NBA 2K League
- Game: NBA 2K
- Founded: February 9, 2017; 9 years ago New York City, U.S.
- First season: 2018
- Owners: NBA Take-Two Media NBA (50%) Take-Two Interactive (50%)
- CEO: Andrew Perlmutter
- Commissioner: Jess "Jesser" Riedel (honorary)
- No. of teams: 6
- Countries: United States (6 teams)
- Headquarters: New York City
- Most recent champions: Memphis Grizzlies (MyPlayer Mayhem 2v2 and 3v3) (2025)
- Most titles: Warriors Gaming Squad (2 titles - 5v5), Pistons GT (1 title - 3v3),
- Broadcasters: Twitch (2018–present); YouTube (2019–present); ESPN2 (2020) (select games); ESPN App (2020); TSN (select games) (2020); Stadium (2022–2024) (select games); NBA TV (2022–2024) (select games);
- Website: nba2kleague.com

= NBA 2K League =

Esports league joint venture

The NBA 2K League (NBA 2KL or simply 2K League) is an esports league joint venture between the National Basketball Association (NBA) and Take-Two Interactive owned through NBA Take-Two Media.
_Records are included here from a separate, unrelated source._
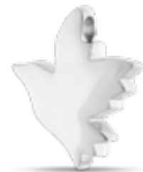
AH 059 Glossy H 2.7 cm
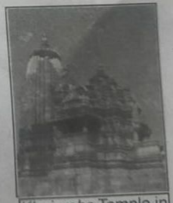
Khajuraho Temple in Madhya Pradesh.
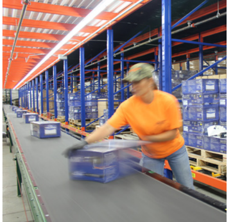
The system also accommodates case picking in a two level pick module

The picking staff is not required to circulate throughout the entire warehouse to locate inventory for picking. Instead, the system designs positions workers in pick zones where the inventory is arranged in a high density, compact configuration. This allows workers to walk less, and accomplish more picks per hour. In addition, the Zone Route System directs orders containers only to zones with picks, thereby reducing order processing time. The systemized approach, combined with convey and sort automation, brings discipline, process improvement and labor productivity to the pick, pack and ship process. In addition, the system is designed to accommodate growth; for example, diverters are pre-installed into the shipping layout. In the future, when additional capacity is required, modular down-line conveyor will be connected and the pre-configured software will be activated.
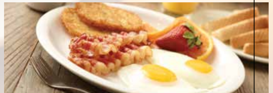
the viking breakfast buffet
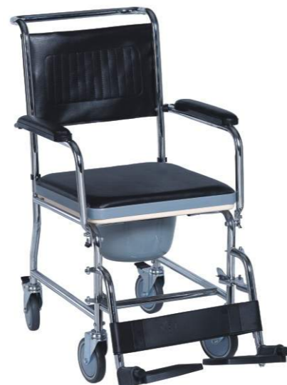
➤ BT1007: Steel commode chair
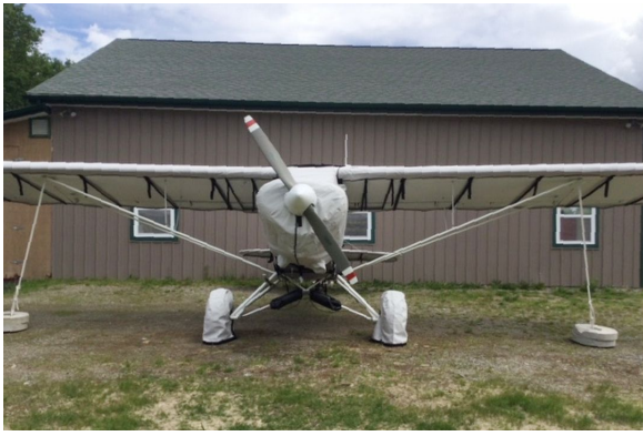
Piper PA-18-150 Super Cub Complete Cover Set
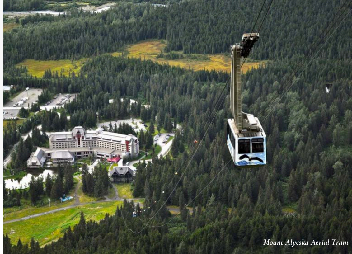
Mount Alyeska Aerial Tram

Today is all about choice and adventure with our unique Choose Your Adventure option - centred around the iconic Alaska Wildlife Conservation Centre. This sanctuary is home to rescued bears, moose, bison, and other native Alaskan animals living in a spacious, natural setting. Choose one of two unforgettable pairings: ride the Mount Alyeska Aerial Tram for sweeping panoramic views of the towering Chugach Mountains before visiting the wildlife centre. Alternatively, enjoy a scenic drive along the stunning Turnagain Arm, with stops at Beluga Point and Bird Point, prime spots for breathtaking coastal vistas and wildlife sightings, followed by a peaceful cruise on glacier-carved Portage Lake. Both options deliver an incredible blend of dramatic scenery and unforgettable wildlife encounters. Return to Anchorage and unwind with a casual dinner at Moose's Tooth Pub & Pizzeria — a local favourite known for its legendary handcrafted pizzas, unique house-brewed beers, and lively atmosphere — the perfect end to a day of unforgettable outdoor discovery.
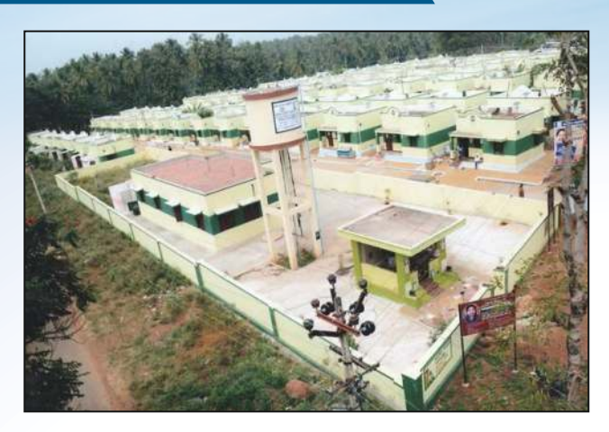
1) Green House Scheme (Construction & Hand Over of 850 Houses Under the scheme "Green House")
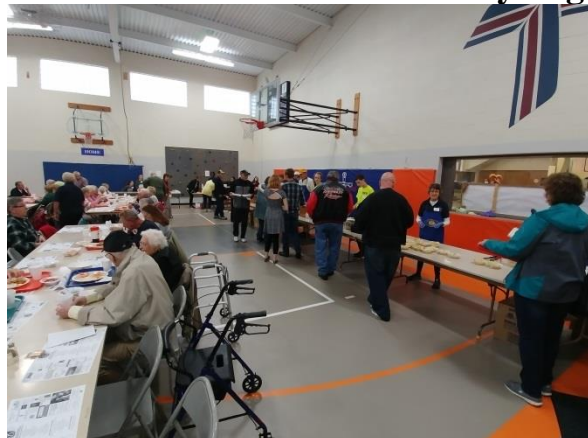
Steady crowd all day
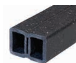
Night Sky Black
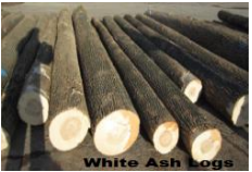
White Ash Logs Special - C4S Veneer - 3CS/C4S Sawlog - C2S, C3S
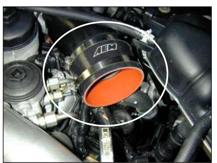
b. Install the supplied coupler as shown.

a. When installing the intake system, do not completely tighten the hose clamps or mounting hardware until instructed to do so.
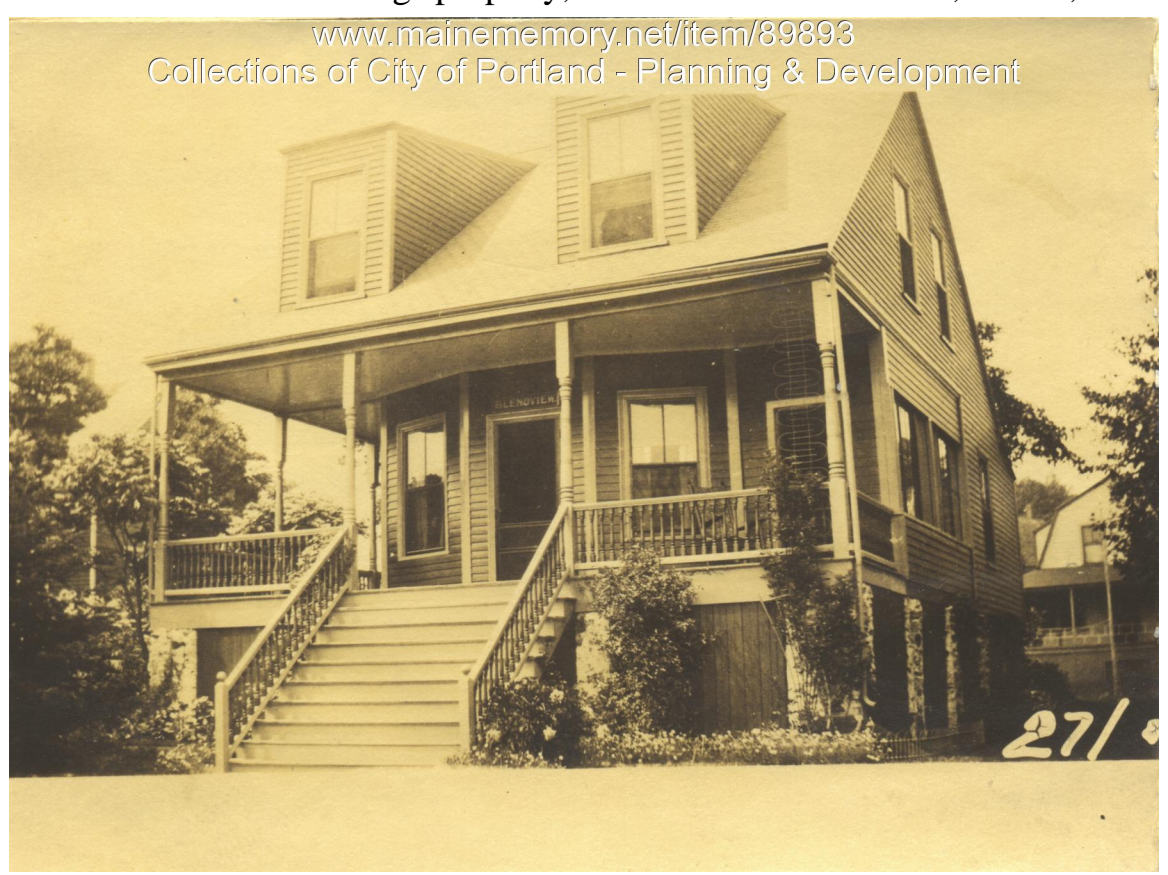
1924 Portland Tax Records: Skillings property, S. Side Crescent Avenue, Lot 26, Peaks Island, Portland
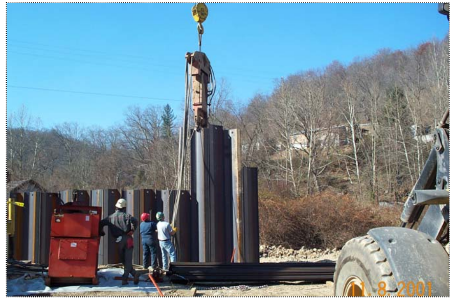
DCP1159 - View of driving operations at level D
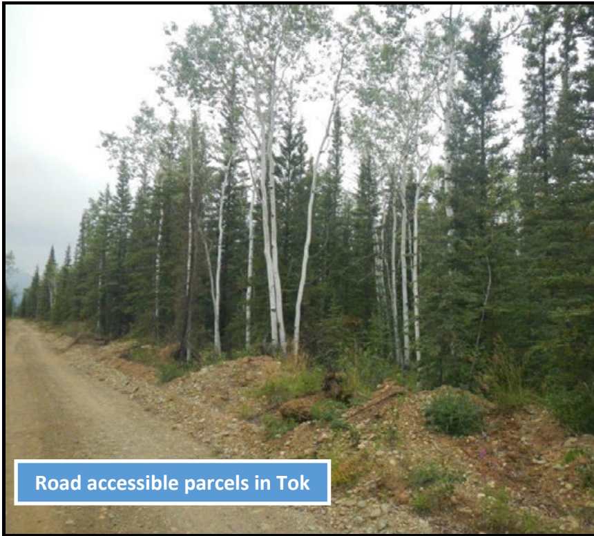
Road accessible parcels in Tok
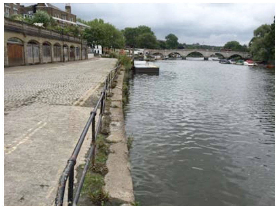
The Thames at Richmond

From Richmond Green go down to the Thames, take Friars Lane until you see the river.
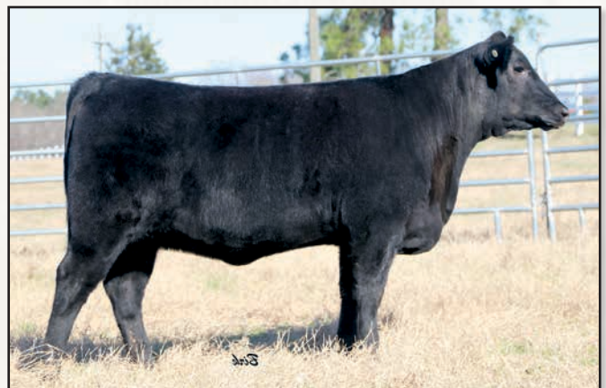
DESTIN PETUNIA T117 – MATERNAL SISTER TO THE GRANDDAM OF LOT 11.
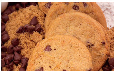
460 CHOCOLATE CHIP CHISPAS DE CHOCOLATE

The taste of homemade without the messy kitchen. Dough is preportioned. Zero grams of trans fat per serving.
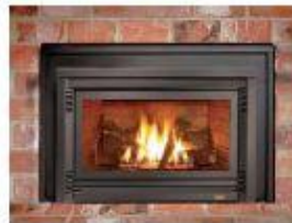
Rectangular Finish Panel Can be modified to fit inside original fireplace
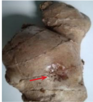
Figure 3 Ginger rhizome infected by Fusarium oxysporum f. sp. zingiberi . The symptoms involved slight wrinkled, brown, deep and wide sunken area and dry rot.

Meanwhile, the longest incubation period was 12 days or 44.42%, which occurred in TPO5 isolates; this number is longer than the
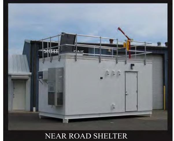
NEAR ROAD SHELTER
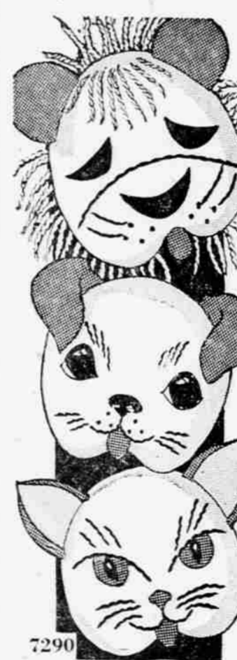
7290 by Alice Brooks

Brighten a youngster's room with these colorful pillows. Lion, dog, cat faces embroidered in natural colors—background of white or gray print. Pattern 7290: transfer of 3 faces, directions for pillows 10x10 inches. Ideal gift!
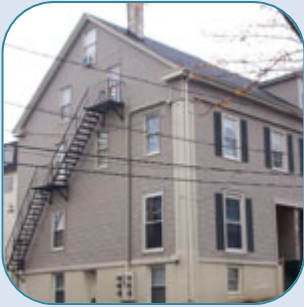
15 Hanover St, Portland 4 Unit Sold Date: February, 2009
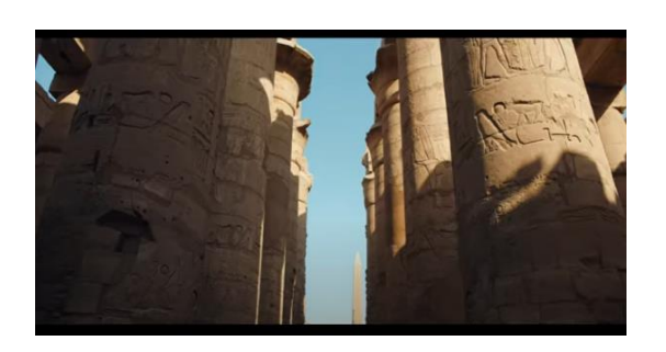
Frame 4 Frame 5
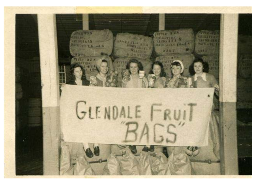
A group of Glendale girls that packed the fruit bags that were given to the mill workers for Christmas.
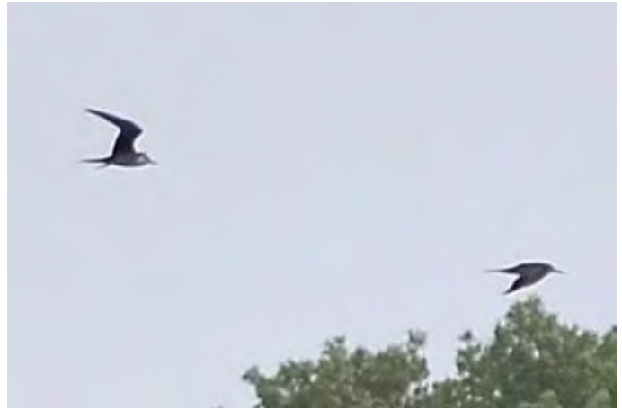
Sooty Tern ( Onychoprion fuscatus ). Hurricane Irene, which passed to the east of Pennsylvania 28 August 2011, will long be remembered for the fallout of terns it brought to the state. These two Sooties were photographed at Lake Nockamixon, Bucks. The species was reported in three counties that day. ( Don Freiday )
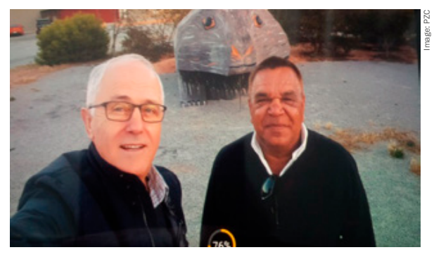
Prime Minister of Australia, Hon. Malcolm Turnbull MP and Scotdesco CEO, Robert Larking, discuss the progress of the Scotdesco project, October 2017
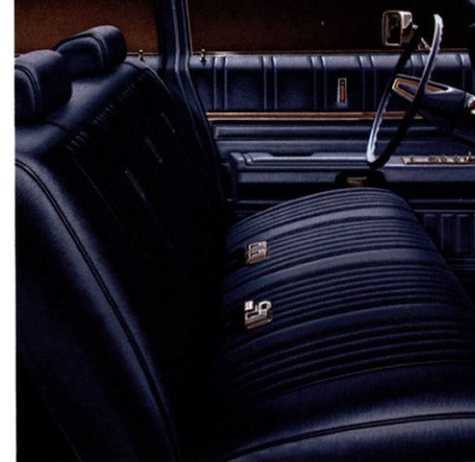
Monterey standard interior with optional steering wheel
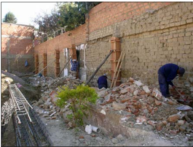
Construction is underway — July 7th!
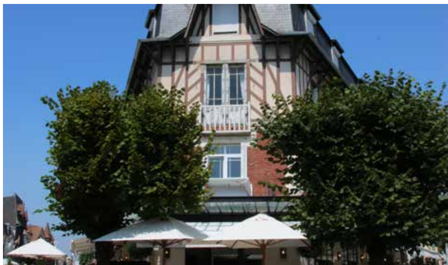
At Marion's restaurant.
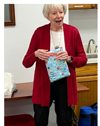
Diagonal Zipper Bag
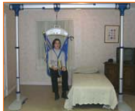
The Sequoia 2-Post lifts and transfers patients with ease.

Sequoia's designers devised this system using 13 different aluminum extruded profiles, totaling 31 parts. Designers pushed the extrusion envelope by addressing more than 40 points of contact over two key profiles: the system's top and bottom tracks. The strong, lightweight tracks are manufactured to tight tolerances to allow the trolley to run seamlessly between each profile and maximize system
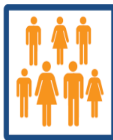
Company Area Group Registration
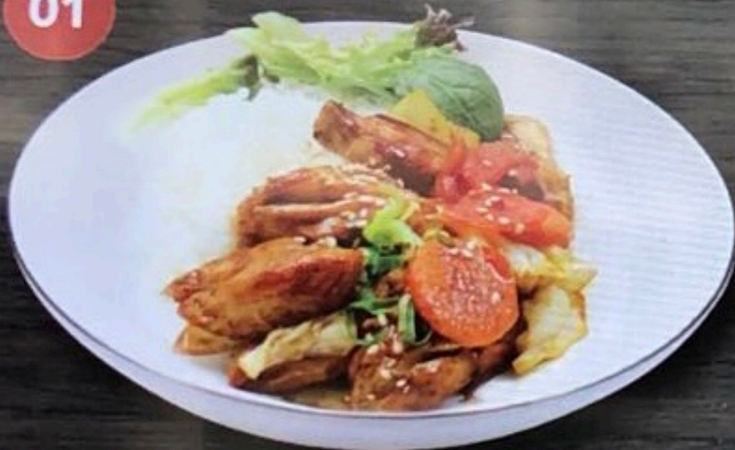
01 TERIYAKI CHICKEN $9.8
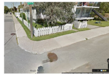
Image 2: Curb cut quality (Good quality/Bad quality): This curb cut is of bad quality. Image capture Aug 2016 © 2017 Google
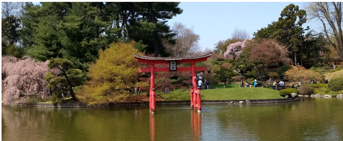
Brooklyn Botanical Garden

Please see the Invasive Plant Information Page on our web site.
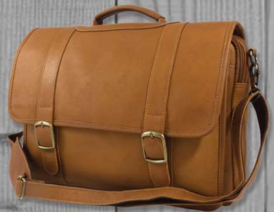
Notebook Case #91199 (15" x 12" x 3.5")
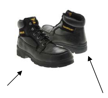
non-skid, work shoes with heel and rubber soles
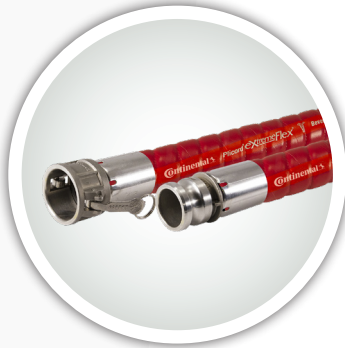
CONTINENTAL PLICORD EXTREMEFLEX BEVERAGE HOSE
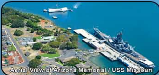
Aerial View of Arizona Memorial / USS Missouri

Featuring Authentic WWII Exhibits and Museums
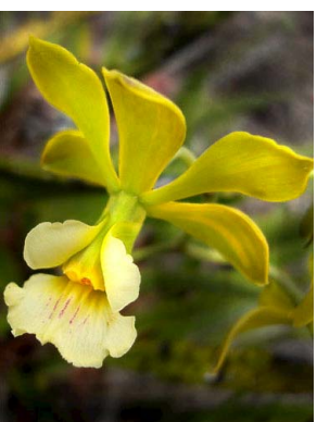
9 Encyclia alboxanthina D.S Melo
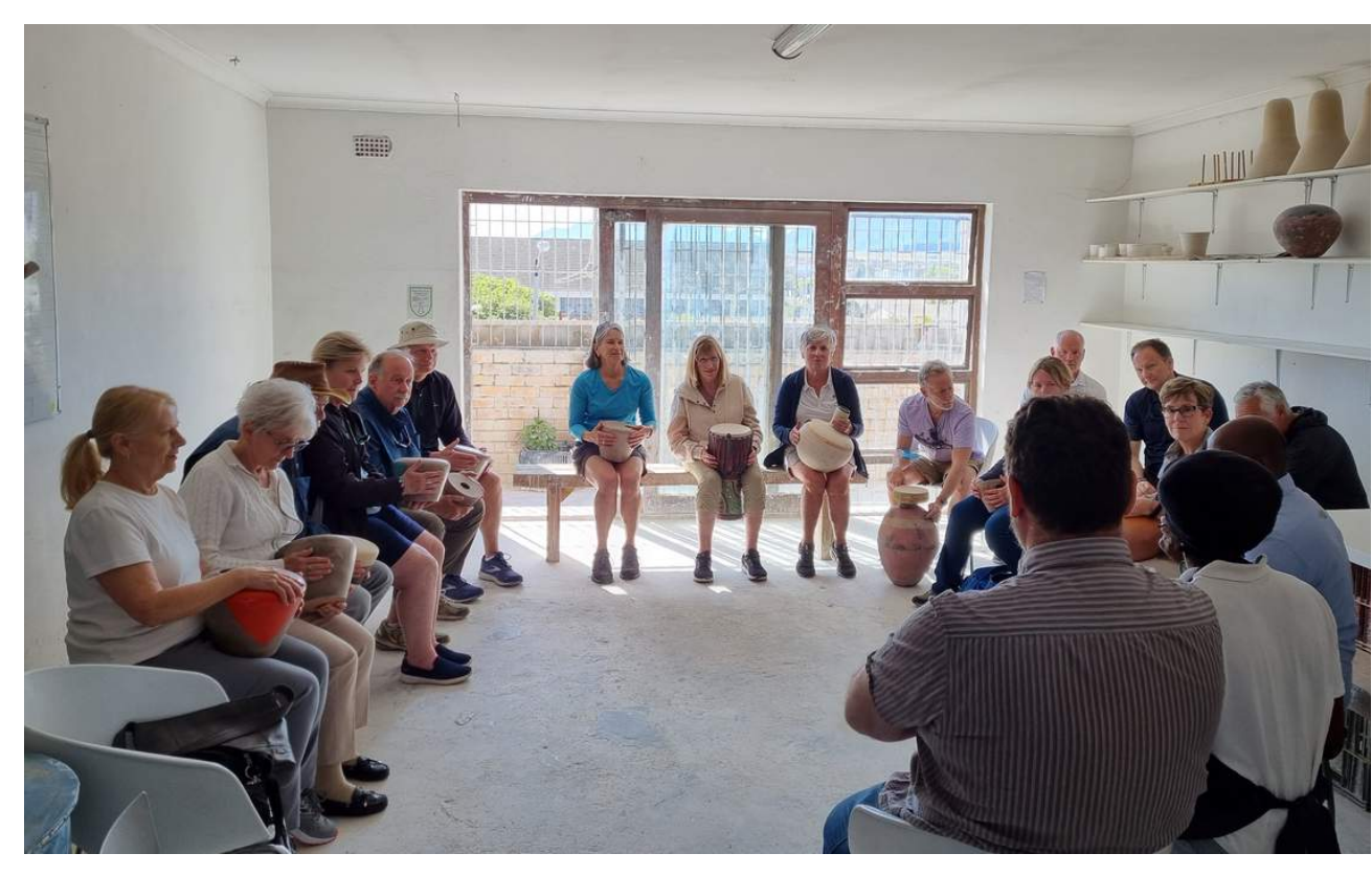
The group playing music on pottery drums

We were inspired by the initiatives aiming to empower people from the bottom up, whether teaching skills, providing educational opportunities or even supporting local art programs. As they put it on their website...'Motivated by love, compassion and respect for our common humanity, Uthando (Love) South Africa seeks to form part of the solution' to meet the challenges faced by those living in extreme poverty.
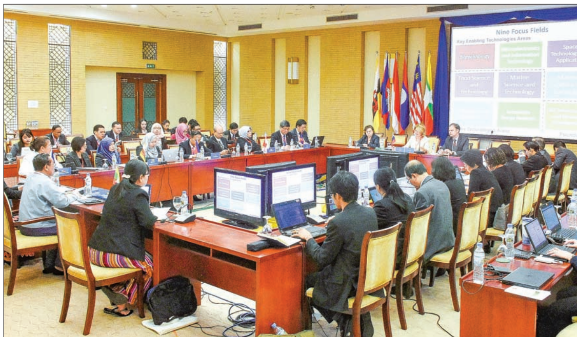
The coordination meeting between the ASEAN Committee on Science and Technology (COST) and Russia held in progress at hall of MICC-2 in Nay Pyi Taw.
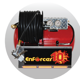
ENFORCER 10 CAFS
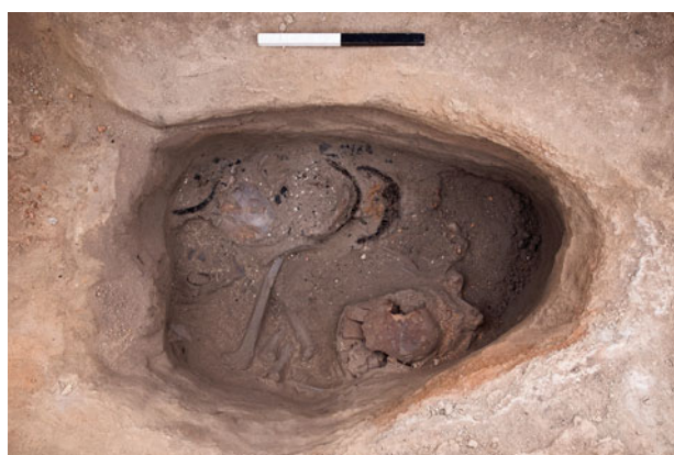
Figure 30.33. West-facing view of some of the wooden bowls found in situ within burial F.7962.
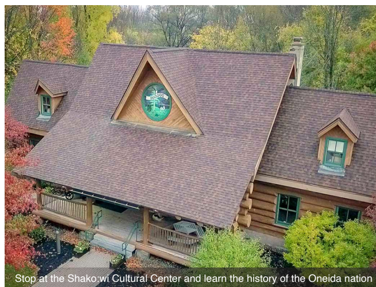
Stop at the Shako:wi Cultural Center and learn the history of the Oneida nation

DAY 8 Return Home: This morning a group transfer to the Syracuse Hancock International Airport for flights out after 12:00 p.m. Meal: B
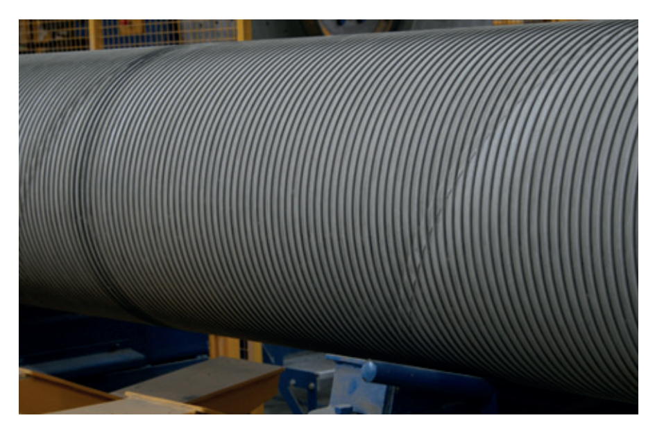
In accordance with the necessary operating pressure of the concrete pressure pipes, wire thickness, pre-stressing and the pitch of the wrapping are determined.

The league under its original form was announced in 2017 with its inaugural season taking place in 2018. There were 22 NBA teams that had teams, with a few independent teams also competing. The league would go on hiatus in 2024 before relaunching in 2025 under a revamped, creator-focused format.

==History==
The inaugural 2018 season lasted for 17 weeks, beginning with the tip-off tournament from May 1–5, with the first weekly matchups taking place on May 11–12. There were an additional two tournaments during the season before the playoffs began on August 17, concluding with the NBA 2K League Finals on August 25. All games were live-streamed on Twitch and available to view on demand after the live broadcasts.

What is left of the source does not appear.